──────── ENTRIES PROVIDED ────────

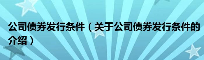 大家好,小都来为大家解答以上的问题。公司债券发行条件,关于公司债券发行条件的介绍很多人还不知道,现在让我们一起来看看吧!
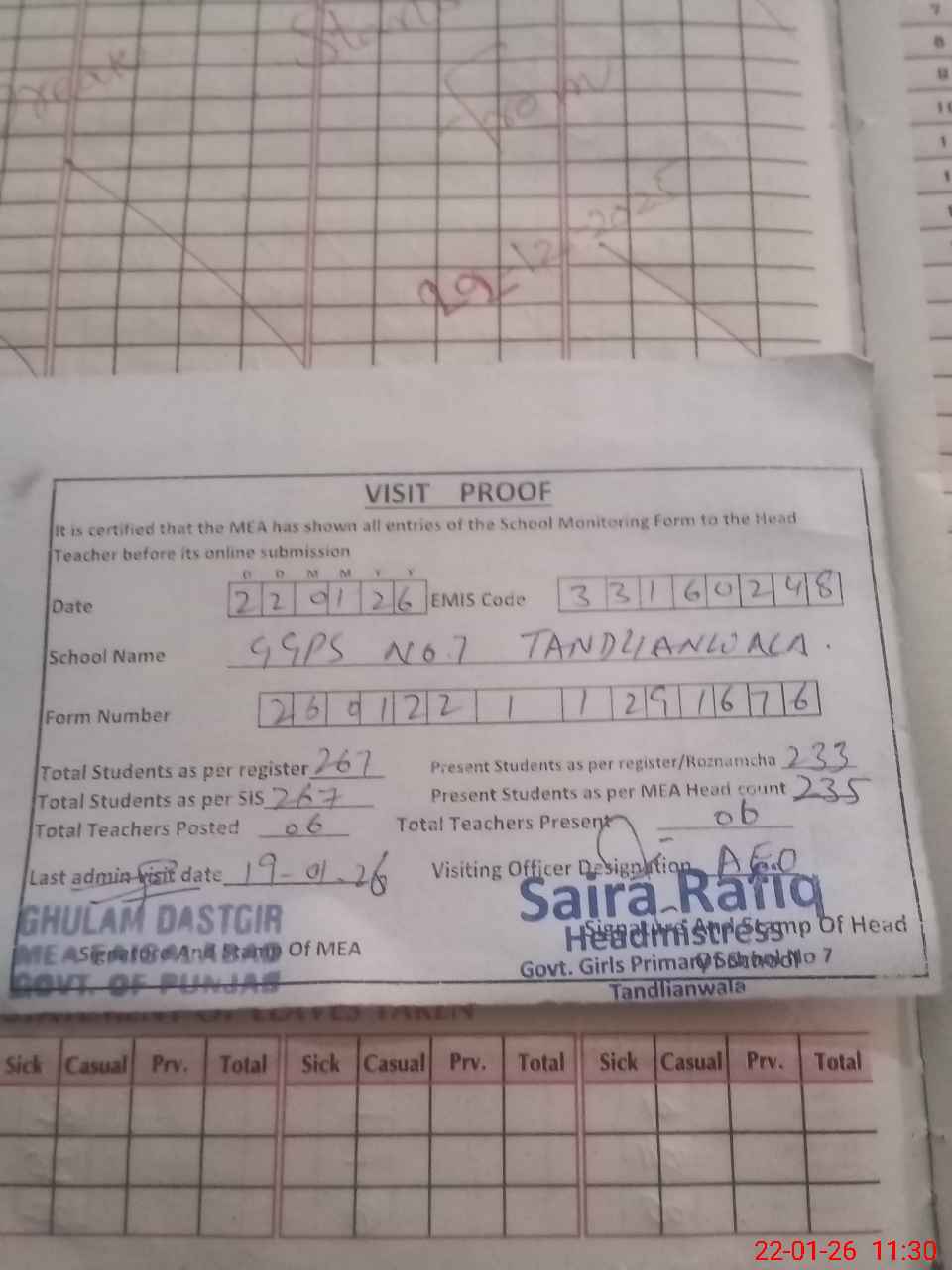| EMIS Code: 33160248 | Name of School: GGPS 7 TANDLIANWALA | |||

────────
──────── ENTRIES PROVIDED ────────

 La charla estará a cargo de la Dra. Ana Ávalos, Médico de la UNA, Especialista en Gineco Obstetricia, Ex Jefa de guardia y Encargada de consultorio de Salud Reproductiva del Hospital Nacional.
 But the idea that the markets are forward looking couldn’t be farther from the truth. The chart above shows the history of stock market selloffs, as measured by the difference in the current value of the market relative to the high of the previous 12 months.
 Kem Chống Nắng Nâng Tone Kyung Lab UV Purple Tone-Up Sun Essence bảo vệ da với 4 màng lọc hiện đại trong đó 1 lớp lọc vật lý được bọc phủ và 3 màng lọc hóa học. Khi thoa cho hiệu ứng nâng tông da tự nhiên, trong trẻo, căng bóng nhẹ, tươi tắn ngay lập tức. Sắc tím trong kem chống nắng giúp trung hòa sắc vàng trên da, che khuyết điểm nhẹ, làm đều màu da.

────────
──────── ENTRIES PROVIDED ────────

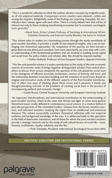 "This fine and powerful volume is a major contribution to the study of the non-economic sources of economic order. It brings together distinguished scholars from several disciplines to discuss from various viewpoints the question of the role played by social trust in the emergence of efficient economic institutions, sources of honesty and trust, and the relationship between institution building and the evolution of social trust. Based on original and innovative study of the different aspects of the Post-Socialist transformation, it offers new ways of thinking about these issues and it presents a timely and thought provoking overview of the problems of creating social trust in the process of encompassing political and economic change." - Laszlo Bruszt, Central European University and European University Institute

────────

WORK REQUEST
Leave out the images and write out the lines above exactly, from the one with "大家好,小都来为大家解答以上" up to and including the one with "TANDLIANWALA | |||".

COMPLETED EXERCISE
 大家好,小都来为大家解答以上的问题。公司债券发行条件,关于公司债券发行条件的介绍很多人还不知道,现在让我们一起来看看吧!
| EMIS Code: 33160248 | Name of School: GGPS 7 TANDLIANWALA | |||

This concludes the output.